Prior to his retirement from Deloitte Tax LLP, Barry was the West Region Competency Leader and the Senior National Advisor for the Tax Exchange Estate, Gift, Trust and Charitable Planning Competency Group for the Private Wealth Group within Deloitte Tax, LLP. Barry has over thirty four years of public accounting experience, specializing in foreign and domestic wealth transfer tax planning; estate, gift, and generation-skipping transfer tax; administration of large complex estates; fiduciary income taxation, including the taxation of charitable trusts; charitable gift planning; and income taxation of wealthy individuals. Barry and his family live in Reno, Nevada.

DUKE KAHUMOKU:

Duke has lived and worked in Alaska for the past 28+ years.

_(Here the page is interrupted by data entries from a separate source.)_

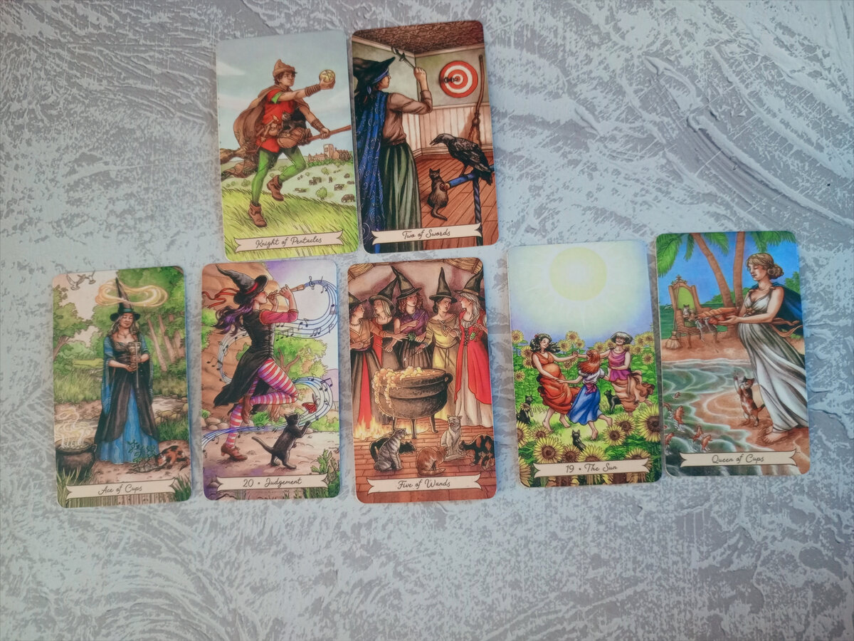 Что же будет в ближайшее время (срок месяц со дня прочтения): туз кубков, Старший аркан Верховный Суд, 4 жезлов, Старший аркан Солнце, королева кубков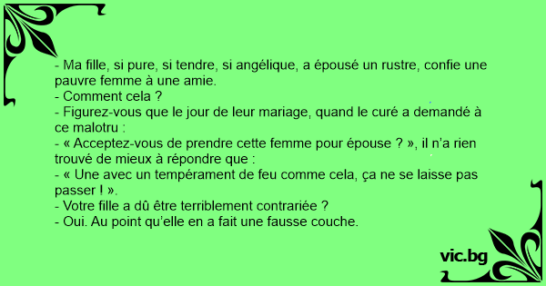 - Figurez-vous que le jour de leur mariage, quand le curé a demandé à ce malotru :
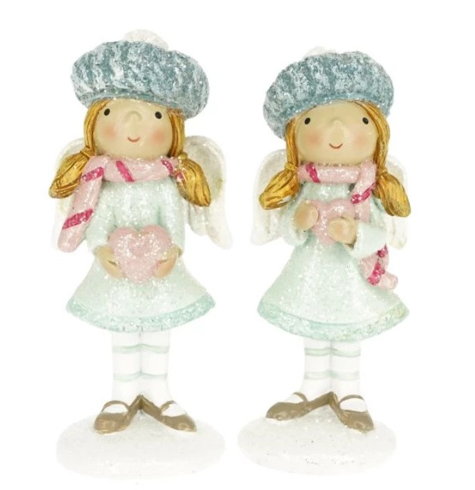 Angyal sapkában, szívvel glitteres - 2 féle - 10x4x3,8 cm

He grew up in Kodiak and has lived in the Matsu, Anchorage and Eagle River. He served a two-year mission for the Church of Jesus Christ of Latter-day Saints in Auckland, New Zealand. Duke graduated with a B.A. in Political Science from the University of Alaska Anchorage. As a former bank manager and commercial lender, Duke understands the fiduciary responsibility to his clients. Duke left banking and joined Kodiak Trust Company where he functions as a Trust Officer and Compliance Officer. He also serves as a member of the Board for Kodiak Trust Company. Duke and his family of six enjoy serving others in church and in the community. They love spending time outdoors and exploring the great state of Alaska.

WES CHARLES:

Wes Charles grew up a military “brat” all over the world. After graduating from college in 1997, he joined the team and ventured into the crazy wild world of Walnut Creek, California. In 2003 he earned his MBA at Brigham University and promptly returned to work with William Wright Associates in California. In 2006, Wes moved to Park City, Utah and started his own firm, WBC Financial Services, which he still heads today. Currently operating in Orem, Utah, WBC functions primarily as a source of competent administrative services to various companies throughout the western hemisphere in areas like estate planning, investment research, accounting, financial controls and budgeting, and fund administration. He is ridiculously interested in college athletics and in sports in general. He also loves to enjoy time with his family of seven in the beautiful outdoors that surround him in Heber, Utah.

TRENDING NEWS

COVID 19

COVID-19 has been in our lives for six plus months and it has been a wake-up call to remind us all just how unpredictable life can be. For most of our clients, it has been a stark reminder that even a basic estate plan is better than no plan.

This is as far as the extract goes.